ASSIGNMENT:
In the data below, find the line containing "Nach der willkommenen" and the line containing "Candele da tavola", then reproduce them and every line between, exactly. Omit pictures.

[ENTRIES SHOWN Boundary: Start]

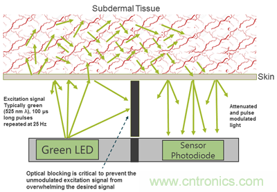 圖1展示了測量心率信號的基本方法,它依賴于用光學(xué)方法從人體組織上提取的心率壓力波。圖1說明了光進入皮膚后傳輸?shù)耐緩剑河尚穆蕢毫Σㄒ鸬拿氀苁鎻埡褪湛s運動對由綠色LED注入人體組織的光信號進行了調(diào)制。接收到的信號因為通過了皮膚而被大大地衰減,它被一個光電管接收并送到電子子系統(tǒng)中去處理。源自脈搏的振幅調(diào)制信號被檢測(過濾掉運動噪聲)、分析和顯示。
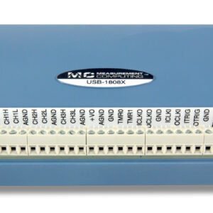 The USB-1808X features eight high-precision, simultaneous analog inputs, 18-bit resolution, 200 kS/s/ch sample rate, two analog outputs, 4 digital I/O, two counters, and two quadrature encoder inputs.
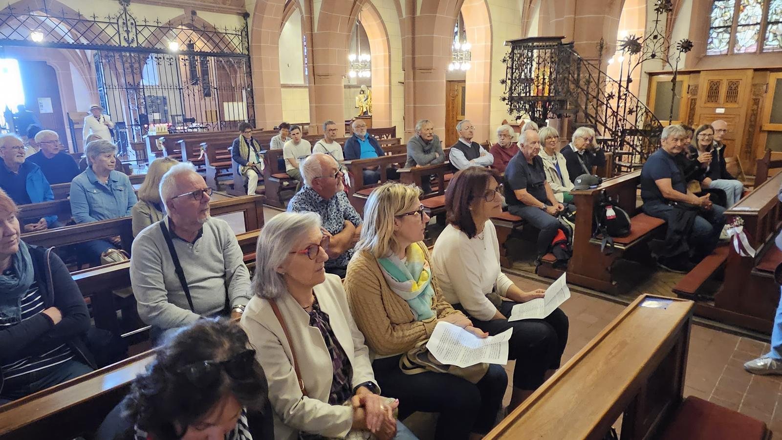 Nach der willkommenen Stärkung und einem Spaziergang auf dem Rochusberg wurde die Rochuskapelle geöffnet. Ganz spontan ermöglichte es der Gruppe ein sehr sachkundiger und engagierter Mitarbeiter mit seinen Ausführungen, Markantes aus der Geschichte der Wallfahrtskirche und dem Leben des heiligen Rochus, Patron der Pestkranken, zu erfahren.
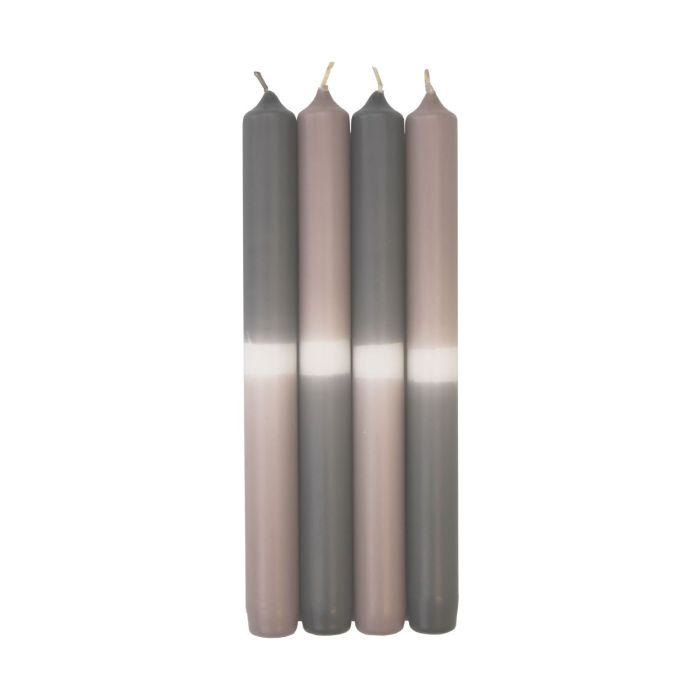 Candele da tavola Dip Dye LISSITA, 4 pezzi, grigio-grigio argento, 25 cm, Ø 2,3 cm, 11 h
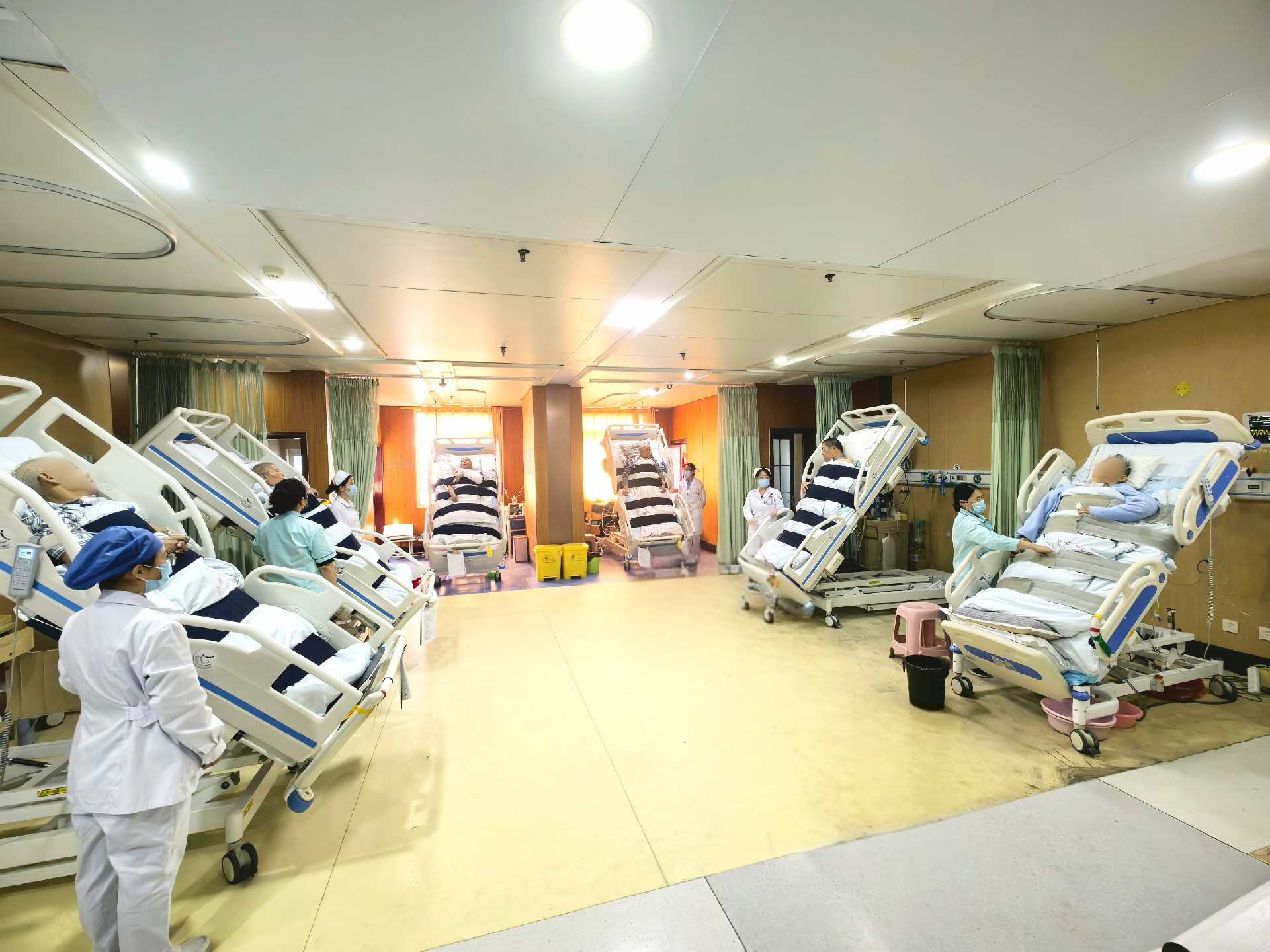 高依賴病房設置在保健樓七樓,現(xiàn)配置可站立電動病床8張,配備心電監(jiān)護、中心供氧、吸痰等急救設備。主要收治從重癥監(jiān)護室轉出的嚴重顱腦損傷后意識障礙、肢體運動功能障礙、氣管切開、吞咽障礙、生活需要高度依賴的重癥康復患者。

[ENTRIES SHOWN Boundary: End]

OUTPUT OF THE TASK:
 Nach der willkommenen Stärkung und einem Spaziergang auf dem Rochusberg wurde die Rochuskapelle geöffnet. Ganz spontan ermöglichte es der Gruppe ein sehr sachkundiger und engagierter Mitarbeiter mit seinen Ausführungen, Markantes aus der Geschichte der Wallfahrtskirche und dem Leben des heiligen Rochus, Patron der Pestkranken, zu erfahren.
 Candele da tavola Dip Dye LISSITA, 4 pezzi, grigio-grigio argento, 25 cm, Ø 2,3 cm, 11 h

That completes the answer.